As his colleague Peter Raboroko articulated, Africanists could not be racists or chauvinists because "politics for them is something much more than a mere love of their country".

"Politics for them is a struggle for the effective control of interests.

"Recognised social theory and the dictate of the cause of history alone determine where such control should reside.

"Nationalism postulates that such control vests in the majority and socialism that it vests in the workers."

Raboroko concluded that the Pan Africanist Congress, "the latest concrete expression of the liberation movement in South Africa, is therefore a national front with a Pan Africanist orientation, a socialist basis and an Africanist outlook".

Sobukwe, in the 1970 interview, also addressed the accusation that Africanists were anti-communist.
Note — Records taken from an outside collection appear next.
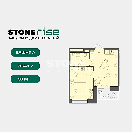 Купить 1к квартиру 46 м² в ЖК Достижение
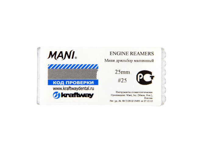 Машинные дрильборы Engine Reamers 25 от бренда Mani – эндодонтический инструмент для расширения зубных каналов. Он закрепляется в угловом наконечнике и работает на малых оборотах, расширяя канал.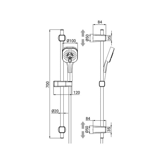 Set saliscendi Paros 2 getti d. 22 mm lunghezza 1500 mm

He contended that they were not anti-communist - they simply differed with communists on the following grounds:

- Communists rejected African nationalism and, by implication, the concept of African rule and government.

- They rejected the principle of non-collaboration.
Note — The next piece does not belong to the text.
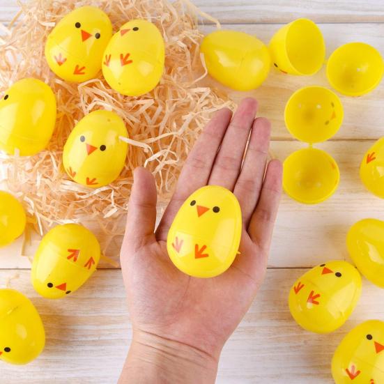 2.4 Inch Plastic Chick Easter Eggs Empty Yellow Mini Fillable Eggs for Easter Basket Stuffers Hunt Games Party Supplies

- They were also too attached to the Soviet Union and ignored its totalitarian and undemocratic nature.

Otherwise, Sobukwe conceded that nobody could be against the philosophy of communism with its strong pro-poor and pro-equality features.

He also felt that the white communists were not racist.

They argued on an equal footing with Africans and openly disagreed with them where necessary.

Sobukwe saw the freedom of the African states as a first step in the establishment of a unitary, socialist, democratic United States of Africa, including Africans from the diaspora.

He opposed a federal Africa, as federalism led to a weak state that might have to compromise on key issues.

He expelled the Madzunya group, on the eve of the launch of the anti-pass campaign in 1960, because he felt they wanted a loose federal relationship with the PAC.

Yet another example of his decisive leadership.

Even in the context of South Africa, he stood for a unitary state that would centrally control resources and drive development without being undemocratic.

He cared for, and respected, the African people.

Sobukwe, like all Pan Africanists, believed that a united Africa must project an African personality by making a positive contribution to the affairs of humankind.

Pan Africanists believed that they should have a policy of positive neutrality or non-alignment in relation to east and west hegemonies.

Sobukwe was arrested and sentenced on May 3 1960 to three years imprisonment on Robben Island.

On completion of his sentence, he was kept on Robben Island for a further six years under a special law called "the Sobukwe clause".

He was released in May, 1969 and banished to Kimberley, where he had to live under severe restrictions.

He died of lung cancer on February 27 1978.

- Advocate R K Sizani is the director-general of KwaZulu-Natal.